# To be



## FRENFR

Hello.

I find it strange that you do not use 'van' for 'it is'.  Lady FRENFR not being a professional linguist cannot give me a good reason for why you would not say "öt van magas", for example.  You would say 'öt magas'  (that wasn't the example, I can't remember the example - but it's the same rule, no?)

So, the question is:

Where can I say "it is", using van, rather than just adjective noun?

Thank you!


----------



## Zsanna

Hello FRENFR,

You can use it in various situations, the easiest is probably in there is (/are) constructions.

E.g.
There is a dog in the picture -> Van egy kutya a képen./A képen van egy kutya. 

(There are dogs in the picture -> Vannak kutyák a képén./A képen vannak kutyák.)

Some other, more idiomatic expressions:

It's all right or Somebody is well (not ill). -> Jól van.
It's OK (as it is)/everything is "in order"/fine. -> Rendben van.
What's up?/ What is it? (not very polite but very "basic") -> Mi van?
That's the case./This is the situation. -> Ez van.
Something is still to come -> valami még hátra van.

P.S. 'öt magas' doesn't exist


----------



## FRENFR

Thanks very much, again.  All noted.

öt magas should mean it (is) tall/high, no?

How does one use 'it is + adjective'?


----------



## Zsanna

You're welcome.
(I hope there'll be other examples, too... Better even: some nice linguistic summary.)



FRENFR said:


> öt magas should mean it (is) tall/high, no?


No, in this form it means "five tall". (*It* would be translated more naturally by "az"... when at all.)
(He/She)_It is tall_ would be just _Magas_.



FRENFR said:


> How does one use 'it is + adjective'?


It would be better to start a new thread for this. We could bring together a nice collection of uses and examples, just ideal for a thread.


----------



## Ateesh6800

FRENFR said:


> "... a good reason..."



There is an excellent reason for omitting "van". It is the principle of economy.

Full sentences would be:

"Én magas vagyok."
This is redundant; the verb is conjugated and the subject can only be "én".
So we normally say "Magas vagyok."
Unless we want to emphasize a contrast:
"Én magas vagyok, de te...?"

Same with "Te magas vagy.".
Same with "Mi magasak vagyunk.".
Same with "Ti magasak vagytok.".

Now:

*"Ő magas van." / "Apám magas."
*"Ők magasak vannak." / "A zsiráfok magasak."
Here the logic is somewhat different. Language simply decided to use the zero morpheme instead of van/vannak.

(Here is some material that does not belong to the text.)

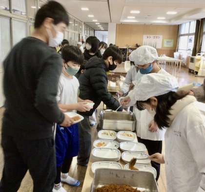 3月4日(火)の梅坪小(8)5年生の給食風景

This is not unusual; Russian does the same as far as I remember.

The rule of economy goes like this: "Say a thing as simply as possible as long as it does not cause confusion."

Now why a language is economical at one point and not another is an entirely different historical matter. But the answer is: "Pista magas." is more economical to say "Pista magas van."

*A.*


----------



## Zsanna

Ateesh6800 said:


> There is an excellent reason for omitting "van". It is the principle of economy.


I don't think it is as simple as that but the original question was trickier because FRENFR asked about _when to use it_ and not when or why to omit it.



Ateesh6800 said:


> "Én magas vagyok."
> This is redundant; the verb is conjugated and the subject can only be "én".
> So we normally say "Magas vagyok."


This is not clear. Economy alone does not explain why the short "én" is dropped and the longer "vagyok" stayed. (OK, it sounds stupid for all those who studied Hungarian linguistics but let us not forget that when somebody has just started  Hungarian, he may not need a lot of linguistics with it at the same time.)


----------



## Zsanna

Further cases for the use of _van_:

To express *to* *have* (/to own) -> valakinek van valamije (= somebody has something) 
- where the owner (= the first word out of the three) is often omitted but if it is there, has to have the suffix -nak/-nek, 
_- van_ is always there (or _vannak_ if the following is in the plural) and 
- the possessed thing has the possessive suffixes (these suffixes express also the owner, this is why it can be omitted from the beginning).
e.g.
I have a problem = (nekem) van egy problémám
I have problems = (nekem) vannak problémáim


To define the *material* something *is from*: valami valamiből van
The table is from wood = Az asztal fából van.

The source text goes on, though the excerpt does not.